D. I suoi personaggi sembrano spesso più confusi che coraggiosi. Non crede che oggi il lettore cerchi eroi?
R. Forse. Ma io non scrivo per rassicurare. Preferisco raccontare l’umanità così com’è: fragile, piena di dubbi, ma con una scintilla dentro. Non amo i superuomini, amo chi cade e si rialza, magari senza sapere perché.
D. C’è molto della sua formazione scientifica nei romanzi. Come si conciliano logica e immaginazione nella scrittura?
R. La logica ti aiuta a costruire un mondo credibile. L’immaginazione lo rende vivo. Non sono in conflitto, si completano. Scrivere è un atto di progettazione emotiva: devi sapere come funziona un’idea, ma anche che effetto avrà sul lettore.
D. Cosa legge uno scrittore di fantascienza come lei?
R. Leggo molto di tutto, ma i pilastri restano Asimov, Dick, Buzzati, Calvino. Autori che hanno usato l’immaginazione per dire cose molto vere. E poi saggistica, filosofia, fisica teorica. La realtà è il miglior carburante per la fantasia.
D. Cosa pensa dello stato attuale della fantascienza in Italia?
R. C’è un movimento vitale, ma ancora poco riconosciuto. Si fatica a uscire dal recinto del “genere di nicchia”. Però la fantascienza è cultura, non intrattenimento di serie B. È una lente per guardare in faccia le domande che ci fanno paura.

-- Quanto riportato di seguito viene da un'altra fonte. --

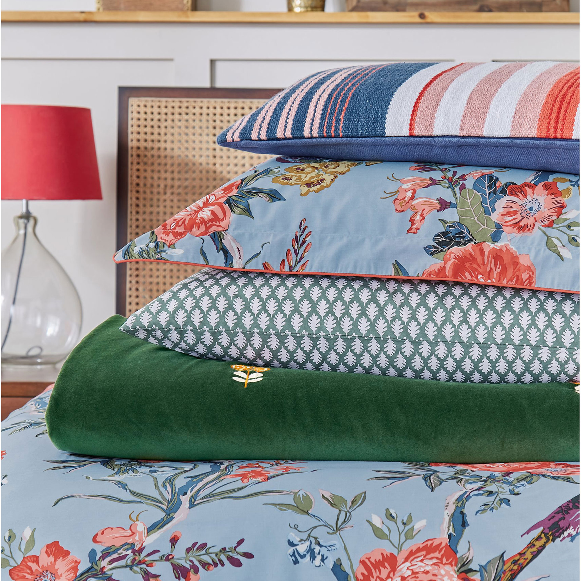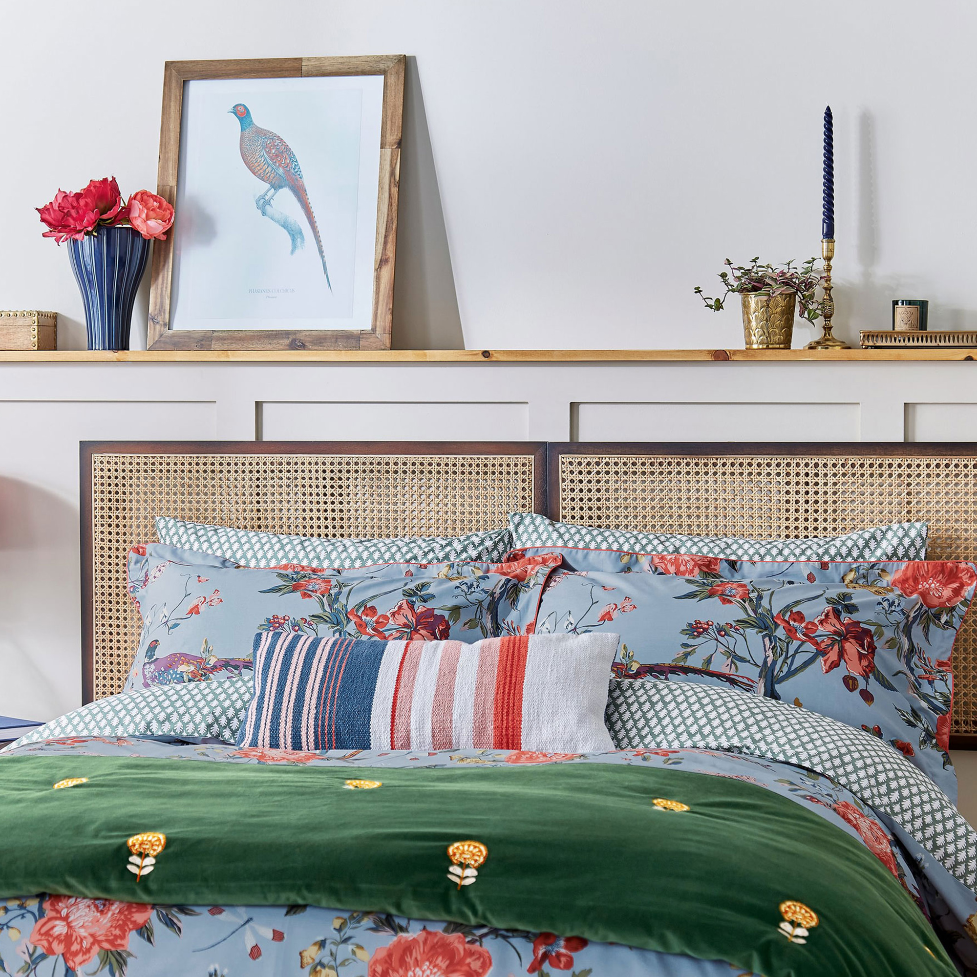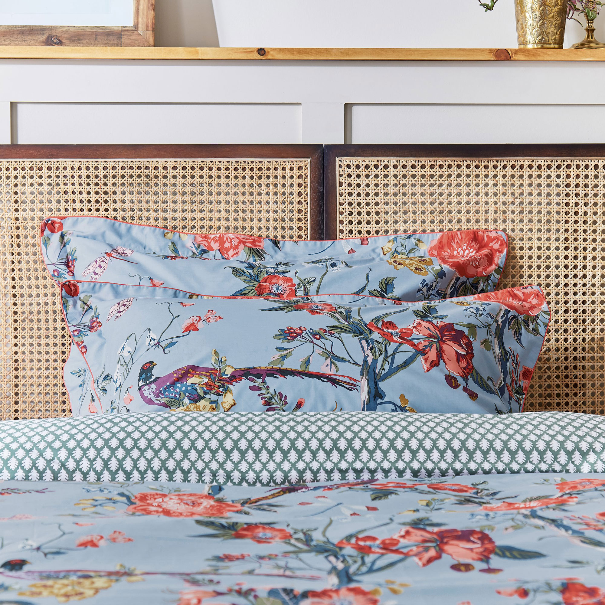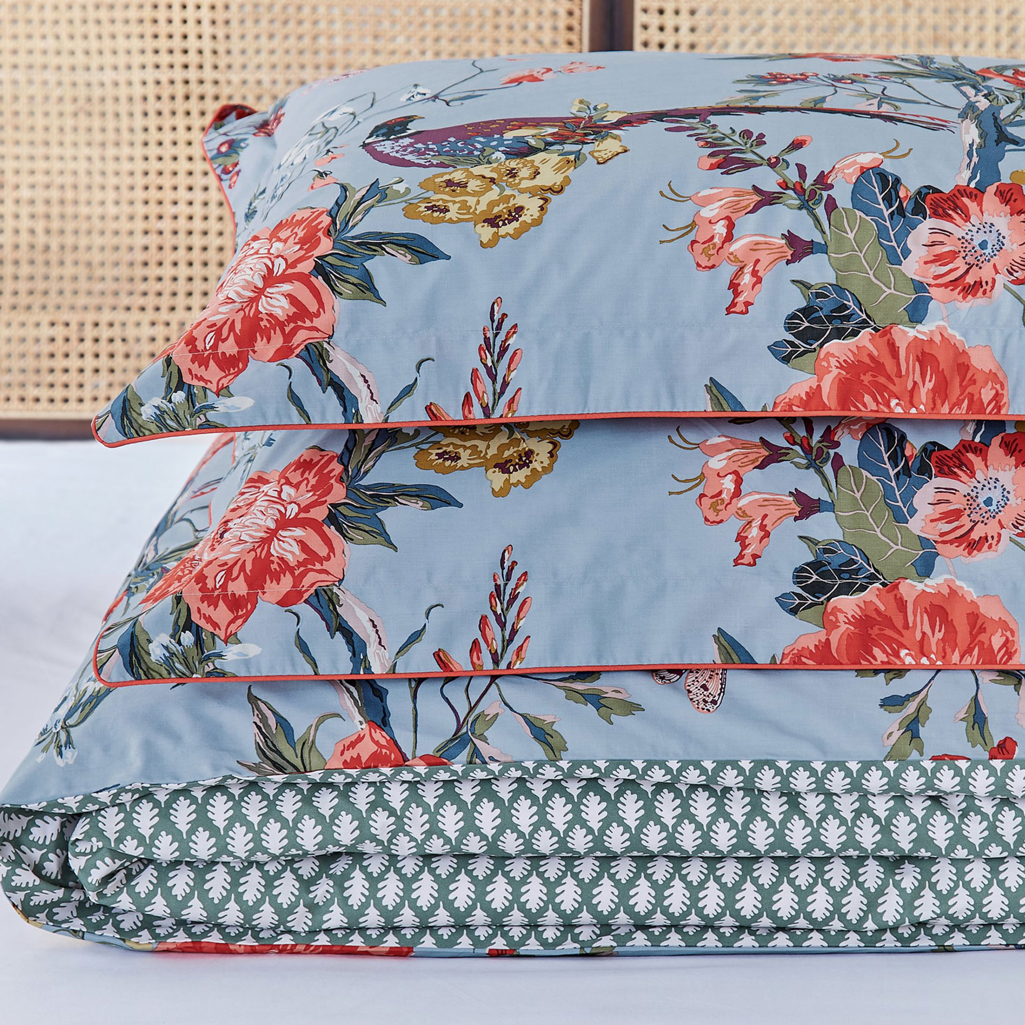 The Chinoise Floral bedding set captures the arrival of autumn in the countryside. It features all the tones of the season, including burnt orange, burgundy and yellow all set against a crisp blue background. The appearance of wildlife, berries and chestnuts add to that autumnal feel. Double-sided, the reverse of the duvet features an oak leaf print in a soft green and crème colour palette. This set comes with two matching Oxford pillowcases (single beds come with one) and can be complemented by additional standard pillowcases sold separately.
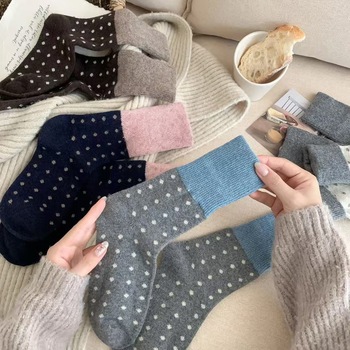 Calze di lana WUYANG in autunno e in inverno con colori spessi e caldi abbinati a piccoli punti e calzini Patchwork a metà polpaccio
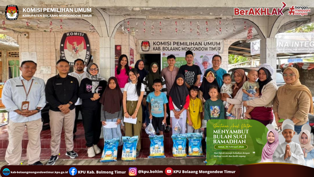 BOLTIM - Komisi Pemilihan Umum (KPU) Kabupaten Bolaang Mongondow Timur (KPU Boltim) Mengadakan kegiatan santunan anak yatim dalam rangka menyambut datangnya bulan suci Ramadhan. Kegiatan ini berlangsung di lingkungan Kantor KPU Boltim dan dihadiri oleh Ketua KPU Boltim, Sekretaris, para Kasubag, serta jajaran pegawai KPU Boltim pada Jumat, 06/02/26.

D. Sta già lavorando a un nuovo libro?
R. Sì. Sto chiudendo il terzo capitolo della saga iniziata con Mnemòsyne. Sarà il punto d’arrivo, ma anche un nuovo inizio. E poi ho in mente un romanzo breve, ma sempre fedele a quella domanda che mi accompagna da sempre: "Cosa resta dell’uomo quando tutto il resto cade?"
D. Di recente ha ricevuto un riconoscimento emozionante…
R. Sì, al Salone del libro di Torino è stato proiettato un cortometraggio tratto dal mio racconto ‘Ick-Ack-Ock l’ultima scommessa’ è stato da brividi. Vedere le tue idee proiettate e interpretate da attori è stato a dir poco toccante.
In un’epoca che corre veloce, dove l’informazione si consuma e l’identità si dissolve nella nuvola digitale, la narrativa di Mirco Goldoni ci costringe a rallentare. I suoi romanzi non inseguono il futuro: lo interrogano. E nel farlo, scavano dentro le paure, le memorie, le possibilità dell’essere umano. La fantascienza, per lui, non è fuga dalla realtà, ma ritorno amplificato ad essa. Un modo per guardare l’oggi da un’altra angolazione, con la lucidità di chi sa che il vero mistero non è nel profondo dello spazio, ma nel profondo animo di chi si interroga.
Scrivere, in fondo, è un atto di resistenza contro l’oblio. E Goldoni, con la sua penna sobria e inquieta, resiste. Non per nostalgia del passato, ma per difendere il diritto di ricordare chi siamo stati. E forse, un giorno, di scegliere davvero chi vorremo diventare.